= Robert Stephens (historian) =

Robert Stephens (1665-1732), who was appointed historiographer royal in 1727, was a public servant and historian. He was the first to publish much of Francis Bacon's private correspondence.

==Life==
Born in 1665, Robert Stephens was the fourth son of Richard Stephens of the elder house of that name at Eastington in Gloucestershire, by his wife Anne, eldest daughter of Sir Hugh Cholmeley, bart. His first education was at Wotton school, whence he removed to Lincoln College, Oxford, matriculating on 19 May 1681, but he left the university without taking a degree.
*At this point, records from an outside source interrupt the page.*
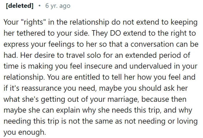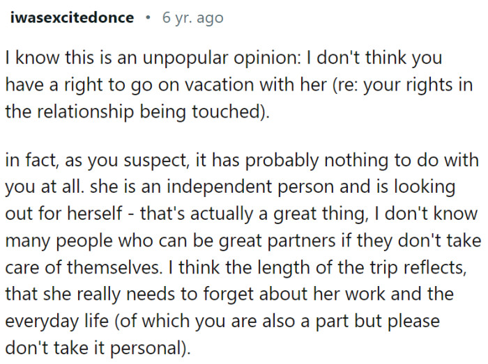 RedditThough OP is supportive of her need to rejuvenate, he's troubled by the length of the trip and her casual attitude toward being apart.
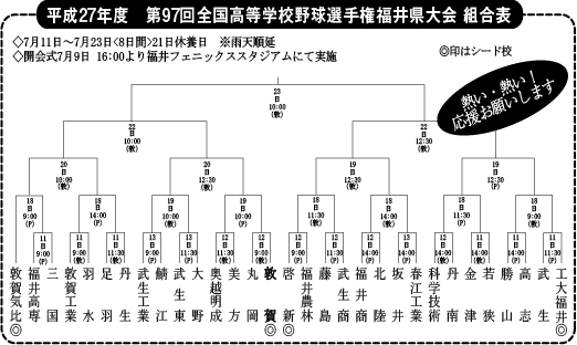 2015年6月26日組合せ抽選会がありました 敦高野球部は7/12(日)敦賀運動公園野球場 9:00~ VS丸岡高校 と対戦です。 応援よろしくお願いいたします <福井新聞より抜粋>
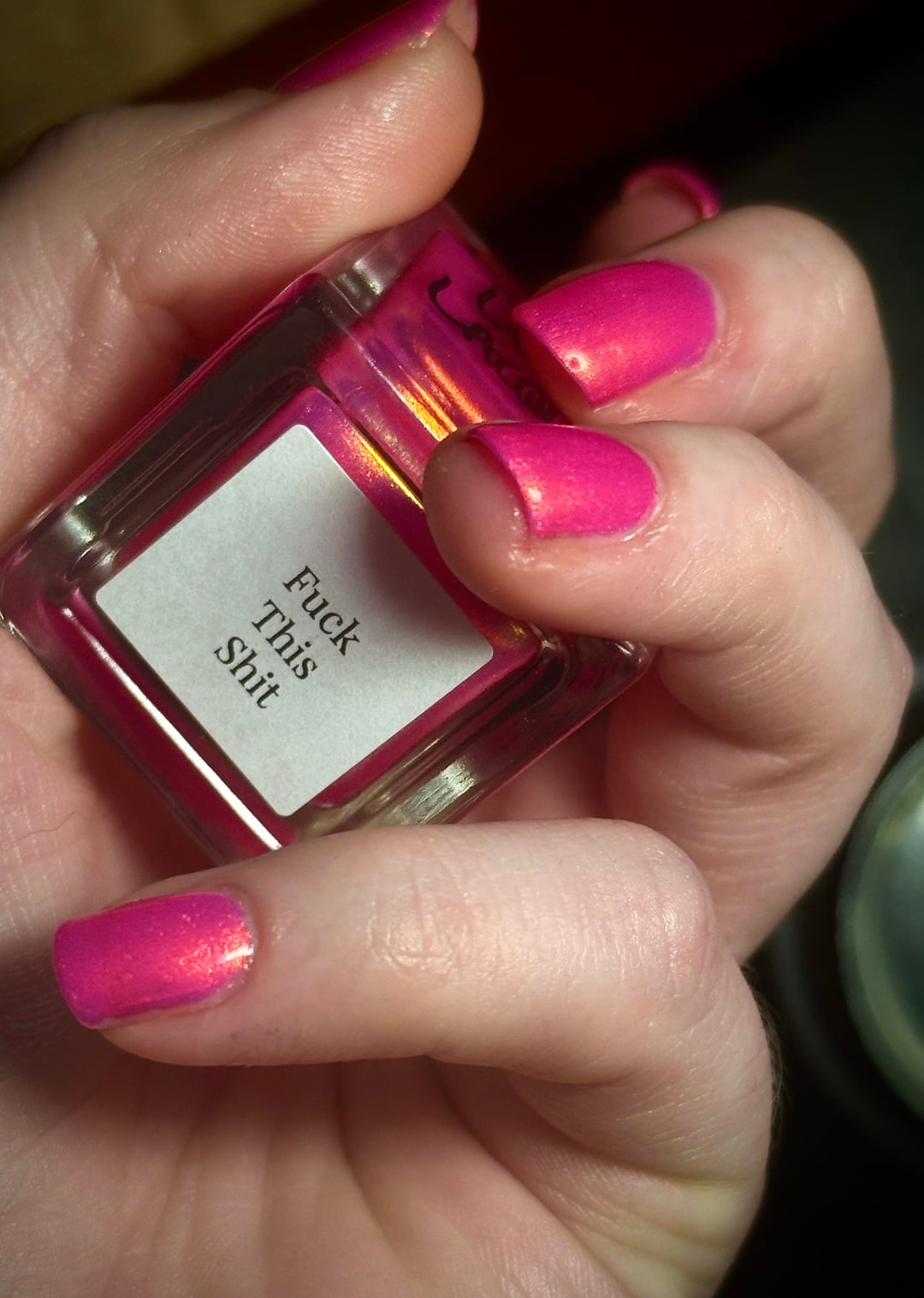 And the name is very appropriate to my feelings all the time everyday about the horrendousness 🥲 BC – Nailtiques 2, kbshimmer Fillin Groovy 3x Lurid Lacquer – Fuck This Shit TC – Sally Hansen Insta-Dri (red bottle) by birbtown
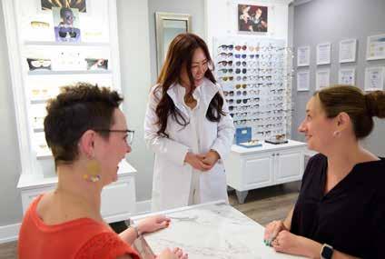 One of the hallmarks of the new offices, Dr. Cha says, is its frame shop, where patients can pick out their new glasses immediately after their eye exam and get expert advice and fitting from Veilleux.
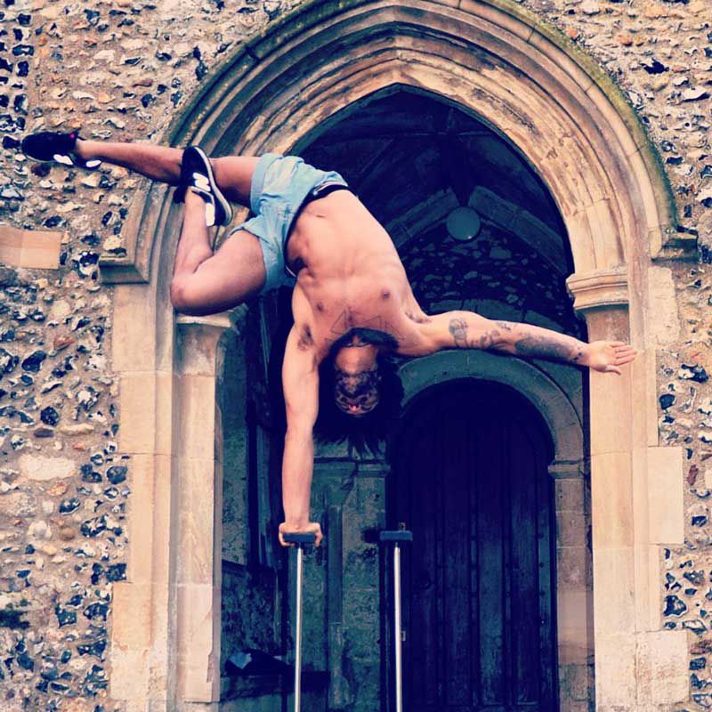 Our London-based hand balancer can deliver solo hand-balancing acts or collaborate for a duo performance with a female partner.
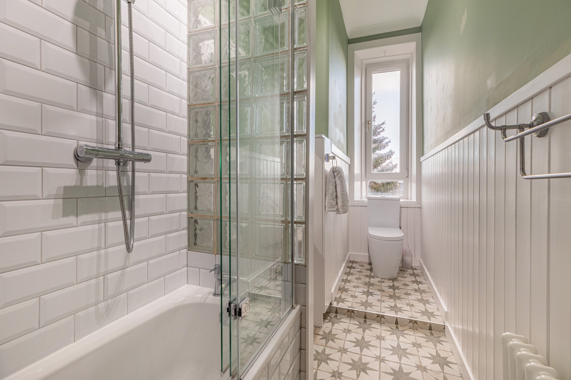 The property also benefits from double glazing, gas central heating, high quality floor coverings, spectacular views and a range of period features including cornice plaster and stained glass detailing. Externally there is a communal rear garden.
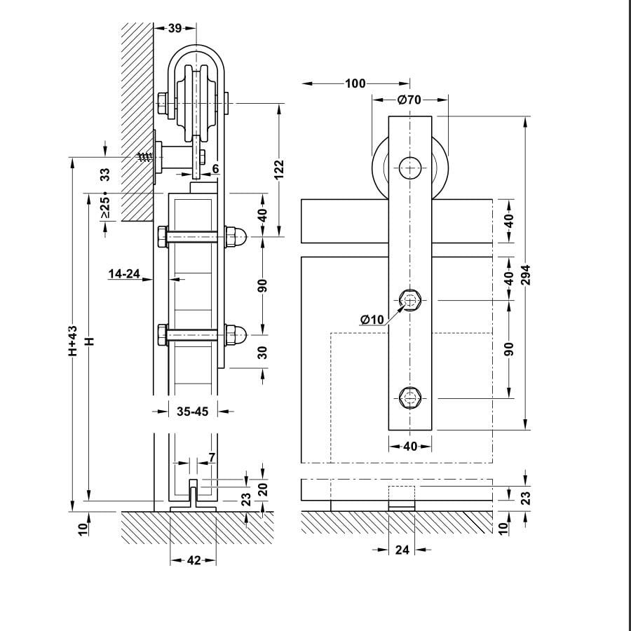 Hafele Kayar Kapı Sistemi Siyah üst yüzeyli rustik klasik görünümlü kayar kapı sistemi 1 kanat ahşap kayar kapılar için Raydan çıkma engelleyicili Maksimum Taşıma Kapasitesi 100 kg 2000mm üst ray ile: 750–1000mm Kanat Geniliğine Uygundur. 2500mm üst ray ile 1001–1250mm Kanat Genişliğine Uygundur. 35 - 45mm kanat genişlikleri için uygundur. 941.32.000
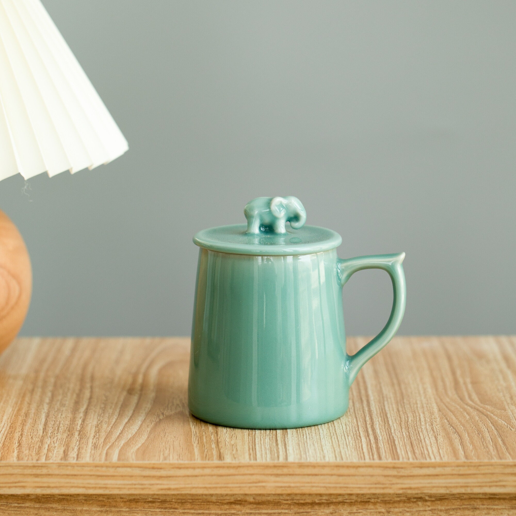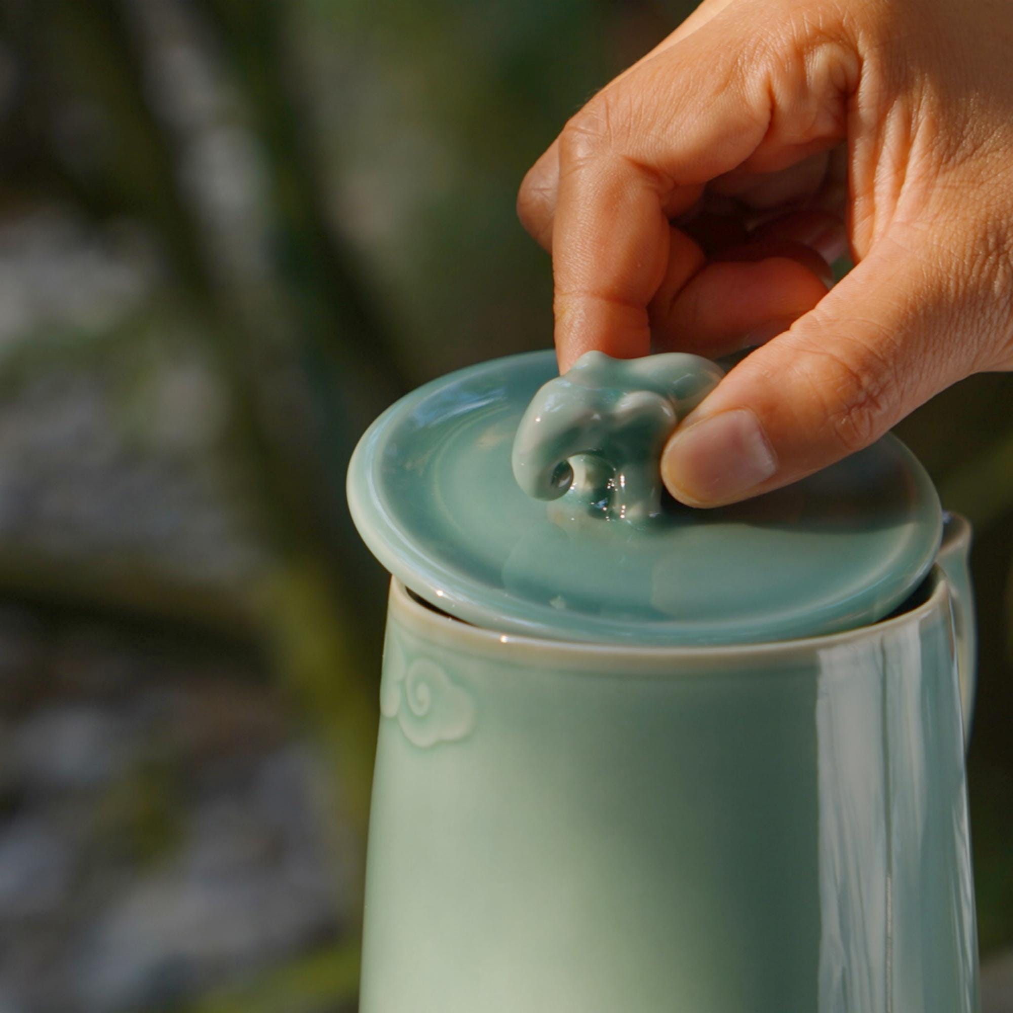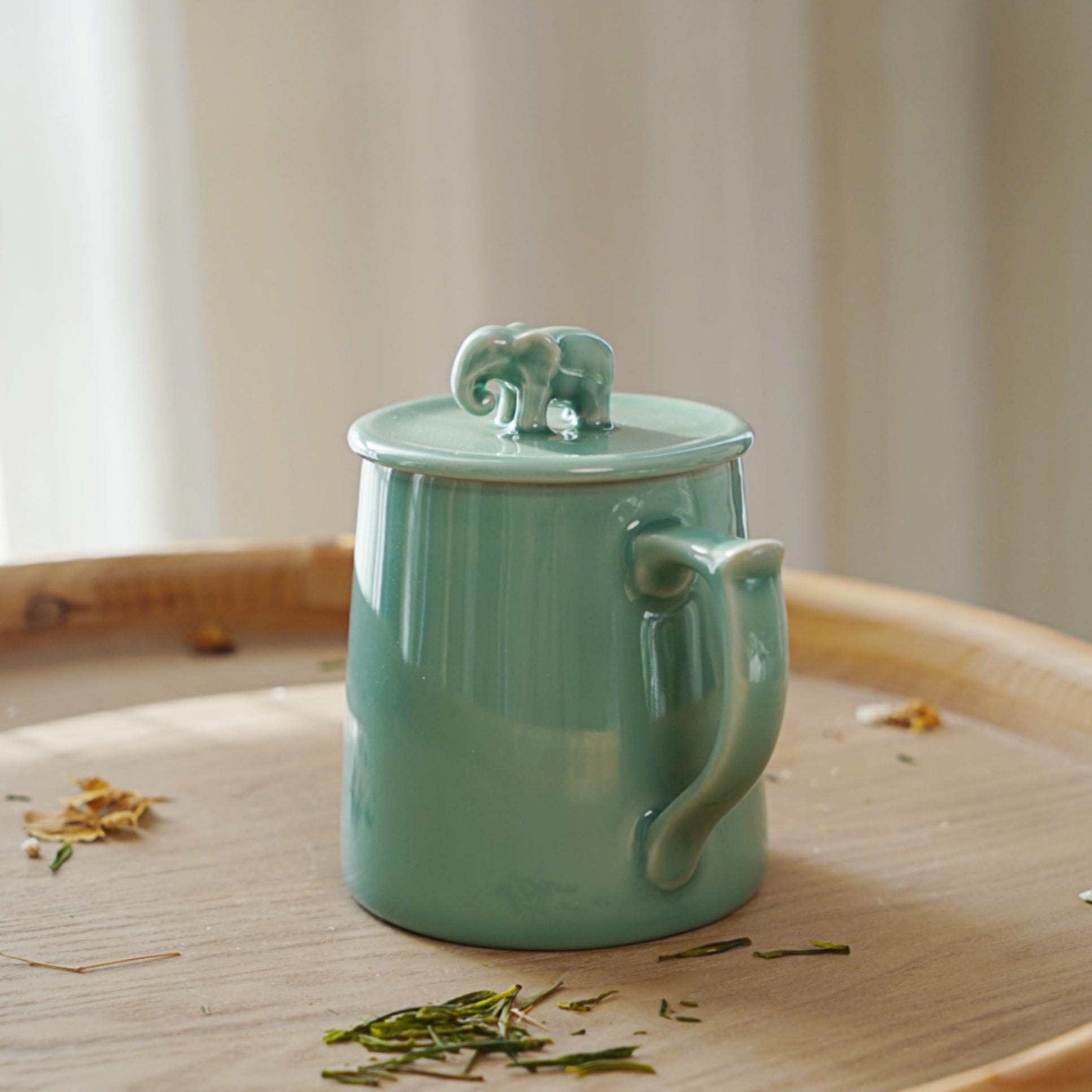 Cloud Blessing Mug · 12oz Celadon Ritual Tea Cup with Elephant Lid | Longquan Handmade Mug with Cloud Carving | Zen Gift of Strength & Peace

He was called to the bar at the Middle Temple in 1689, and was one of the founders of the Society of Antiquaries in 1717.

Being a relative of Robert Harley, Earl of Oxford, whose mother, Abigail, was daughter of Nathaniel Stephens of Eastington, he was preferred by him to be chief solicitor of the customs, in which employment he continued till 1726, when he was appointed to succeed Thomas Madox in the place of historiographer-royal. He died at Grovesend, near Thornbury, Gloucestershire, on 9 Nov. 1732, and was buried at Eastington, where a monument with an English inscription was erected to his memory by his widow (and first cousin), Mary Stephens, daughter of Sir Hugh Cholmeley, 4th Baronet.

==Work==
Stephens began about 1690 to transcribe and collect unpublished "letters and memoirs" of Francis Bacon, chiefly in collections. The first result of his labours was his Letters of Sir Francis Bacon published in London in 1702. After this volume had appeared Harley "was pleased to put into my hands some neglected manuscripts and loose papers, to see whether any of the Lord Bacon's compositions lay concealed there that were fit to be published." His investigations induced Stephens to prepare another volume, Letters and Remains of the Lord Chancellor Bacon. The first 231 pages of this volume (it consists of 516), with a preface and introductory memoir, were sent to press by Stephens. The rest were selected from his papers by his friend John Locker, and the whole volume was edited by Stephens's widow.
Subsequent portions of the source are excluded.